Stored data:
═══

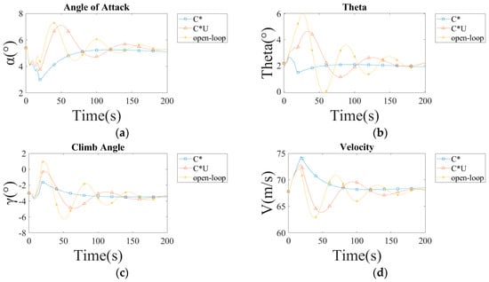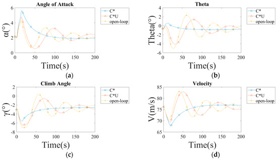 After 500 s from the start of the simulation, both the aircraft without the controller and the aircraft with the C*U controller basically stabilize, and there is not much difference in their values. The steady-state values can be seen in Table 10 and Table 11.
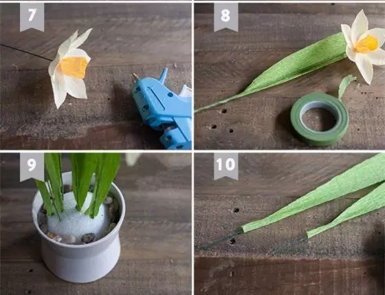 4.将水仙的叶子粘在铁丝上,将制作好的几枝花,插在泡沫垫上。
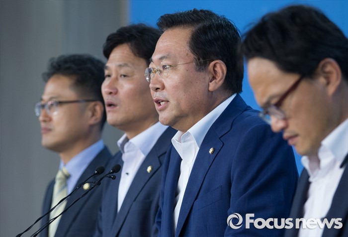 (서울=포커스뉴스) 국회 안전행정위원회 소속 더불어민주당 의원들이 29일 오전 서울 여의도 국회 정론관에서 박근혜 정부와 경찰의 백남기 농민 사건 진상 규명 촉구 기자회견을 하고 있다. 왼쪽부터 김정우, 김영진 의원, 박남춘 간사, 박주민 의원.
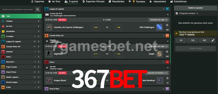 O 367Bet oferece uma grande seleção de opções de apostas em e-sports com probabilidades competitivas
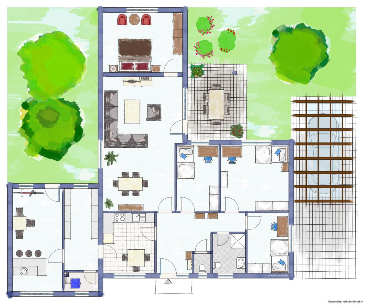 Die heute etwa 128,59 qm große Wohnfläche ist vollständig ebenerdig und barrierefrei ausgestattet. Sie unterteilt sich wie folgt:
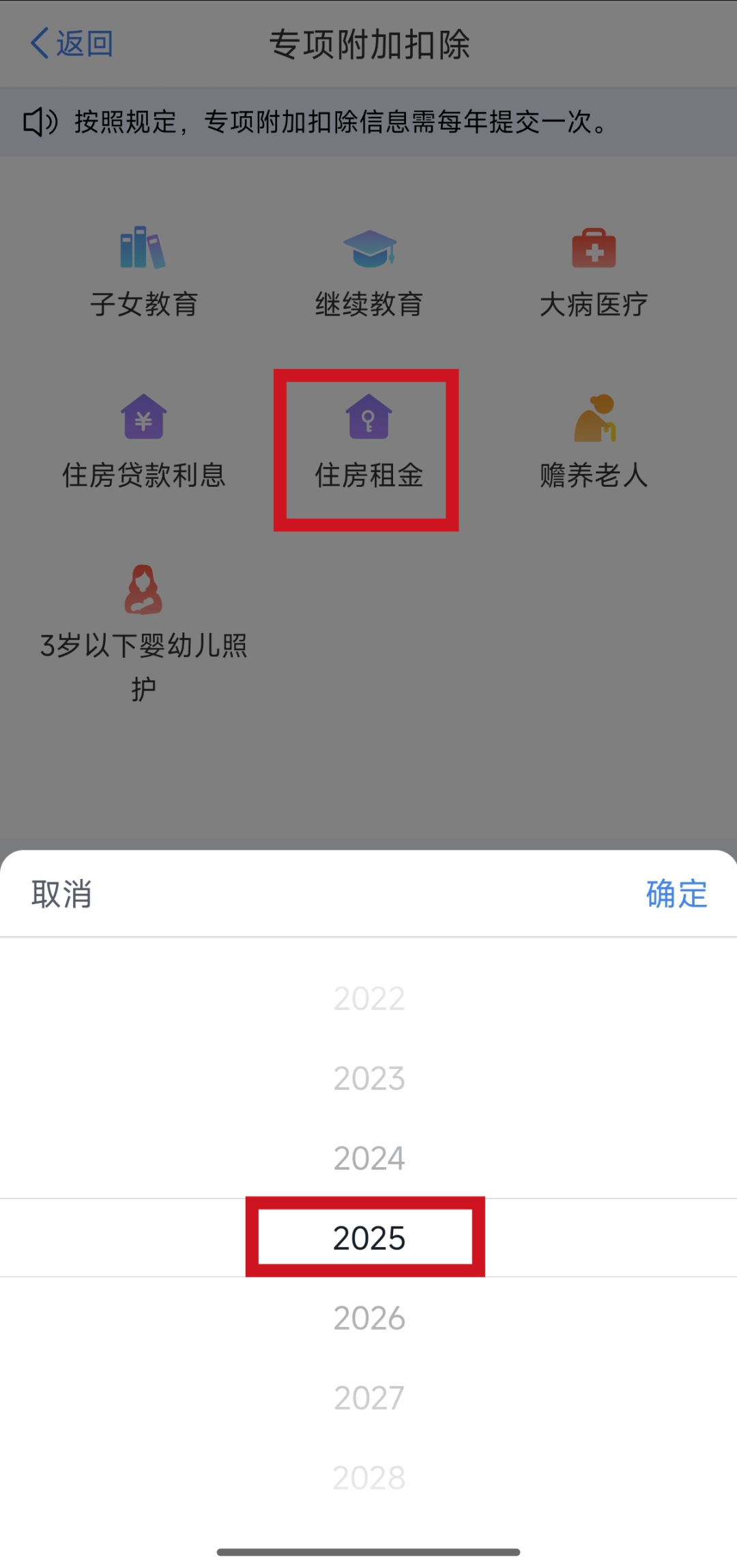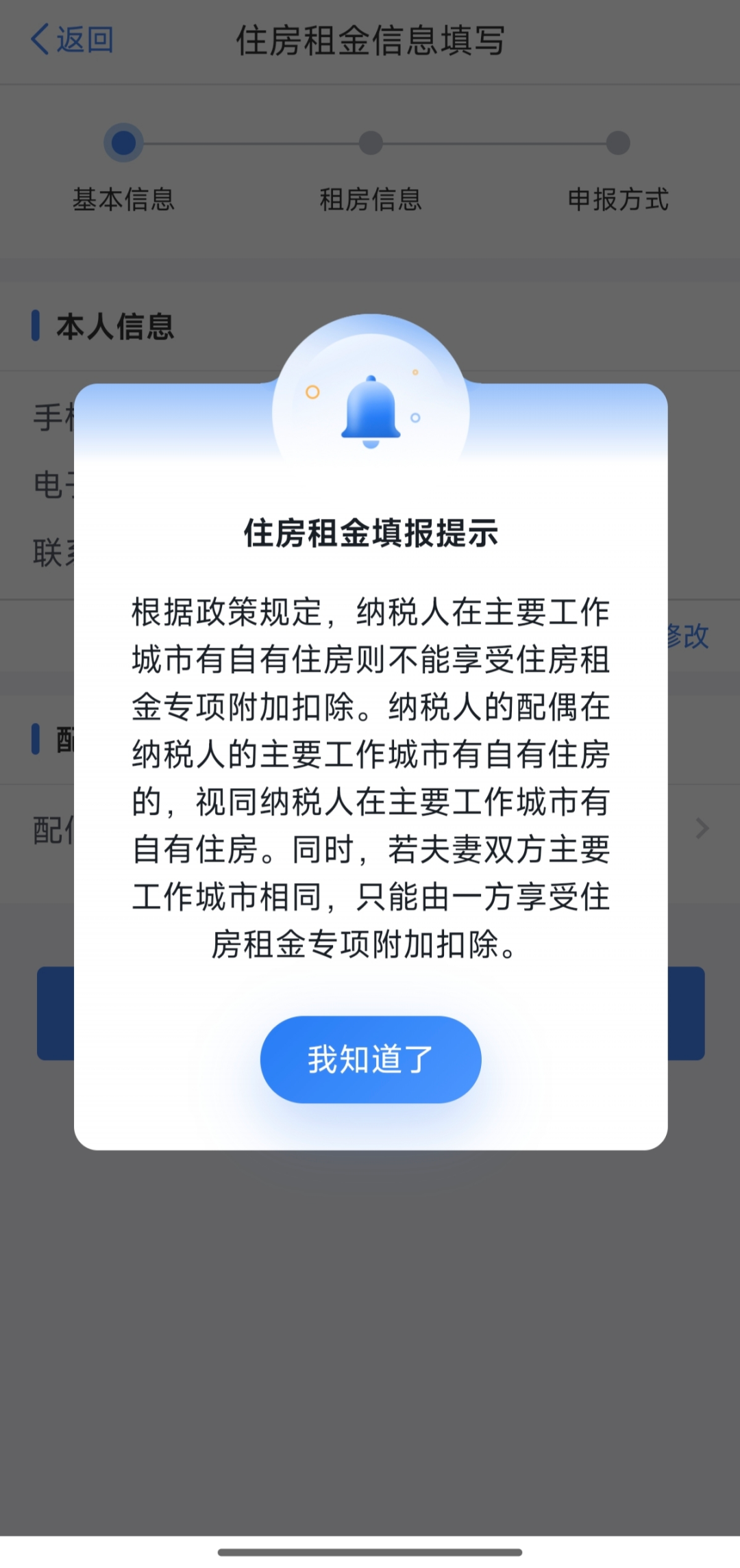 2.点击“住房租金” -选择“扣除年度” -选择配偶情况-阅读温馨提示并点击“我知道了”。

═══

### EXERCISE PROMPT
Retype the data above in full, exactly as it stands, and skip any image.

### REPLY
 After 500 s from the start of the simulation, both the aircraft without the controller and the aircraft with the C*U controller basically stabilize, and there is not much difference in their values. The steady-state values can be seen in Table 10 and Table 11.
 4.将水仙的叶子粘在铁丝上,将制作好的几枝花,插在泡沫垫上。
 (서울=포커스뉴스) 국회 안전행정위원회 소속 더불어민주당 의원들이 29일 오전 서울 여의도 국회 정론관에서 박근혜 정부와 경찰의 백남기 농민 사건 진상 규명 촉구 기자회견을 하고 있다. 왼쪽부터 김정우, 김영진 의원, 박남춘 간사, 박주민 의원.
 O 367Bet oferece uma grande seleção de opções de apostas em e-sports com probabilidades competitivas
 Die heute etwa 128,59 qm große Wohnfläche ist vollständig ebenerdig und barrierefrei ausgestattet. Sie unterteilt sich wie folgt:
 2.点击“住房租金” -选择“扣除年度” -选择配偶情况-阅读温馨提示并点击“我知道了”。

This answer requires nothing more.